You mean the ones in my OP? Whyfore? (One of the disadvantages of knowing little about economic matters.)

What if it turns out to be merely a Good Depression or a Fair-to-Middling Depression?

I sense some people aren’t really taking the article seriously. :slight_smile: Is it a reflection of how seriously they take the assertions in said article, or do they actually agree with it (at least partially), and it’s just that the field was open for easy jokes? :smiley:

True to some extent, but if families start en masse cancelling their cable, internet, cell phones, etc., it’s going to cause one hell of a ripple effect.

I think his point in comparing the current situation to post-WW2 downturns is that this seems to be something more severe than the typical “economic speed bump” recessions we’ve had for the previous 60 years. I hope this isn’t going to be another Great Depression, but it could turn into the sort of 10-year stagnation that Japan suffered after it’s real-estate crash in 1990.

Right now I own a home and a gun. If the day dawns that I don’t have a home anymore but I still have a gun… we’ll see.

If you don’t have criminal instincts by now, becoming homeless won’t give them to you. The Bonnie and Clyde/John Dillinger/Pretty Boy Floyd/etc. criminal population of the early Great Depression was mostly made up of people who had showed a criminal bent since their childhood.

It’s definitely more sever than most recessions. No one denies that. But saying that unemployment is worst today than it was during the Depression is sensationalist bullshit. It’s not worst today than during the Depression era. Even if you believe all the folks who say that government is hiding the ‘true’ unemployment figures. Double the unemployment figures as we STILL aren’t at Depression era unemployment numbers. You’d need to triple them or more to get to that level of unemployment.

Again, afaik no one is saying that this recession hasn’t been particularly bad. It has been. But trying to equate what’s happening today with what happened during the Depression is basically the same tactic used to try and compare the Iraqi war with Vietnam, as folks were trying to do…and for much the same reason.

-XT

Yeah, no one ever seems to think about the consequences of this. Lost jobs being the primary one.

You can’t take anyone seriously who doesn’t understand that.

Yes, that is true. But each ripple is less than the previous one.

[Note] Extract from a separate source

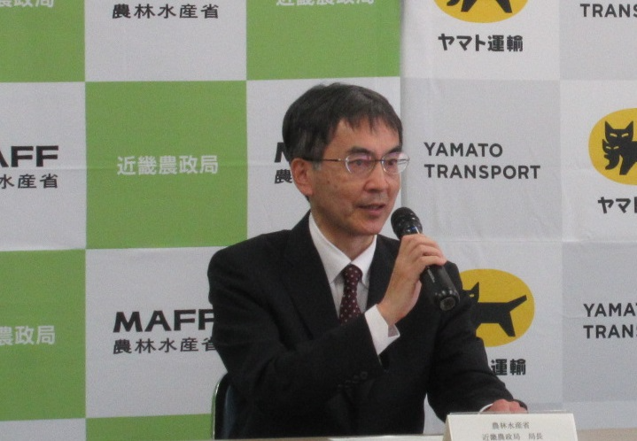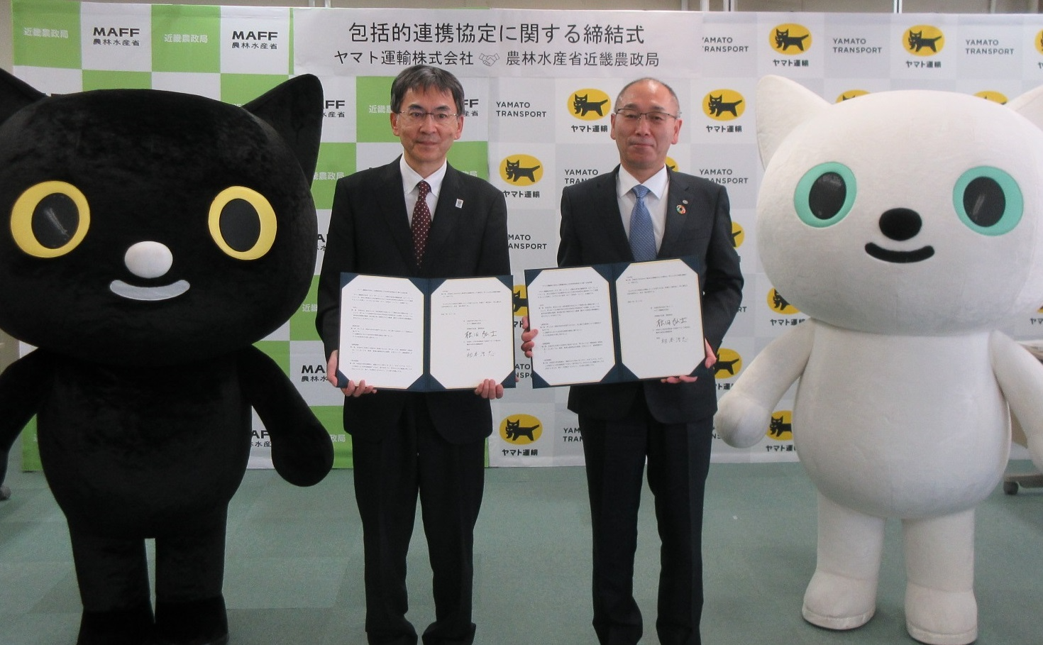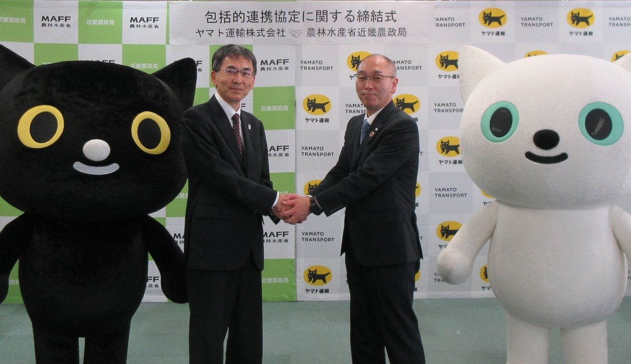 ヤマト運輸株式会社関西統括と近畿農政局は、近畿管内における食品の効率的な運送等について連携することに合意し、令和7年1月20日(月曜日)に包括的連携協力に関する協定の締結式を開催いたしました。締結式では双方の代表者であるヤマト運輸株式会社常務執行役員関西統括松田弘士氏と近畿農政局相本浩志局長が協定証に署名し、握手を交わしました。

I think the concept that would define that is called the “money multiplier” or some such. Its a measure of how “many times” a dollar circulates through the economy.

Or in fancier mathmatical terms, its the sum of an infinite series of fractions where each fraction is fraction of the previous fraction and the total sum of the infinite series is a finite number less than 1.

Or in other words, there are ripples, but they decrease and cause a finite amount of damage, they don’t increase until everybody is out of a job.

A made up example might be something like lets say 10 percent of the work force is for whatever reason suddenly jobless (the Chinese quit buying Chia pets made in the good old USA perhaps). Okay, those folks quite buying American services/products and that results in more job losses and those folks buy less and so on and so on and so on… The end result from all those ripples might be something like 15 percent total end up jobless. Numbers totally made up, this is just an example.

That depends on the size of the initial splash. A ton of cell phone contracts dropping is not a big enough splash to become the next big disaster movie title.

The subprime collapse, however, took a LOT of stimulus dollars and a few QE’s to mitigate that tsunami.